- **Assignment**:
Reproduce the listing below exactly, minus its pictures.
Data provided below:
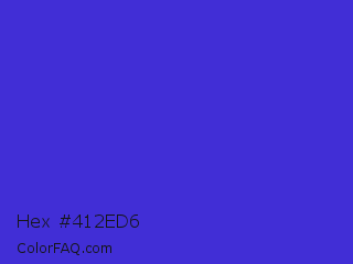 Hex #412ed6 Color is a normal indigo color and the nearest color is Palatinate Blue #273be2. Hex code #412ed6 and RGB value is rgb(65,46,214). In RGB color space, this color is composed of 25% red, 18% green, 84% blue, In CMYK color space, this color is composed of 70% cyan, 79% magenta, 0% yellow , 16% black , In HSL color space, this color has a hue angle of 247° , 67% saturation and 51% lightness.
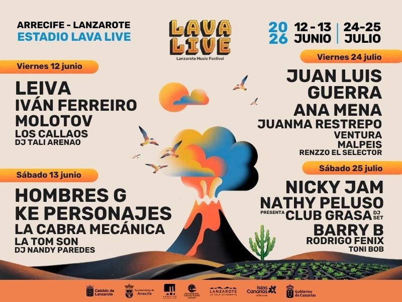 Lava Live Festival 2026, que se perfila como una edición que marcará un antes y un después en la oferta cultural y de eventos de la isla, cuenta con el patrocinio del Cabildo de Lanzarote, a través de SPEL-Turismo Lanzarote, los Centros de Arte, Cultura y Turismo, el Ayuntamiento de Arrecife, Turismo de Canarias, Gobierno de Canarias y Juventud Canarias, entre otras administraciones, y la colaboración de patrocinadores privados, con marcas destacadas como Grupo Renault Juan Toledo, Mahou, Coca-Cola Europacific Partners, Iberia Express, CICAR, HiperDino, Rosa Group Lanzarote, Kokoxili Sushi & Asiático, Chacón, Arehucas, Arrecife Gran Hotel & Spa, Villa Tinguatón, Miterra FM, Salinas de Janubio, Aloe Plus Lanzarote, Viajes Timanfaya, Ahoraluz, Transportes Martac, Open Mall Lanzarote, Grupo Óscar, Iqos y BP.
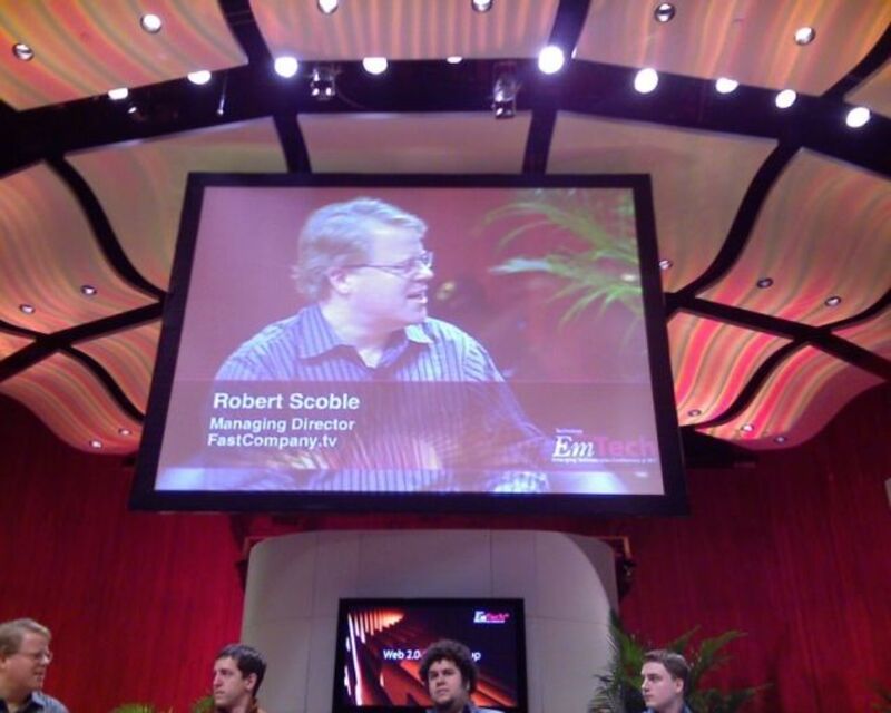 CAMBRIDGE, MASS. — Fast Company videoblogger Robert Scoble, who has discovered in the Web a popularity which escaped him in high school, has been moderating a panel titled "Web 2.0/Web 3.0 Mashup" at MIT's EmTech conference for the past hour. There are people from Facebook, Six Apart, and Plaxo on stage with him. With no introduction, Scoble launched into a meandering conversation about data portability, online video, URIs, social TV guides, and the Olympics. An hour later, it still has no sign of going anywhere. Joseph Smarr of Plaxo talks very fast. Dave Morin of Facebook seems very tired. Sample quote: "The pace of change is not indexable from a central service." The audience appears to be stunned into stupor. Does it matter that nothing is being said? Perhaps not; perhaps the point is to show this audience of technology generalists how insubstantial the obsessions of the Valley's geek set are.
End of Data provided.
- **Solution**:
 Hex #412ed6 Color is a normal indigo color and the nearest color is Palatinate Blue #273be2. Hex code #412ed6 and RGB value is rgb(65,46,214). In RGB color space, this color is composed of 25% red, 18% green, 84% blue, In CMYK color space, this color is composed of 70% cyan, 79% magenta, 0% yellow , 16% black , In HSL color space, this color has a hue angle of 247° , 67% saturation and 51% lightness.
 Lava Live Festival 2026, que se perfila como una edición que marcará un antes y un después en la oferta cultural y de eventos de la isla, cuenta con el patrocinio del Cabildo de Lanzarote, a través de SPEL-Turismo Lanzarote, los Centros de Arte, Cultura y Turismo, el Ayuntamiento de Arrecife, Turismo de Canarias, Gobierno de Canarias y Juventud Canarias, entre otras administraciones, y la colaboración de patrocinadores privados, con marcas destacadas como Grupo Renault Juan Toledo, Mahou, Coca-Cola Europacific Partners, Iberia Express, CICAR, HiperDino, Rosa Group Lanzarote, Kokoxili Sushi & Asiático, Chacón, Arehucas, Arrecife Gran Hotel & Spa, Villa Tinguatón, Miterra FM, Salinas de Janubio, Aloe Plus Lanzarote, Viajes Timanfaya, Ahoraluz, Transportes Martac, Open Mall Lanzarote, Grupo Óscar, Iqos y BP.
 CAMBRIDGE, MASS. — Fast Company videoblogger Robert Scoble, who has discovered in the Web a popularity which escaped him in high school, has been moderating a panel titled "Web 2.0/Web 3.0 Mashup" at MIT's EmTech conference for the past hour. There are people from Facebook, Six Apart, and Plaxo on stage with him. With no introduction, Scoble launched into a meandering conversation about data portability, online video, URIs, social TV guides, and the Olympics. An hour later, it still has no sign of going anywhere. Joseph Smarr of Plaxo talks very fast. Dave Morin of Facebook seems very tired. Sample quote: "The pace of change is not indexable from a central service." The audience appears to be stunned into stupor. Does it matter that nothing is being said? Perhaps not; perhaps the point is to show this audience of technology generalists how insubstantial the obsessions of the Valley's geek set are.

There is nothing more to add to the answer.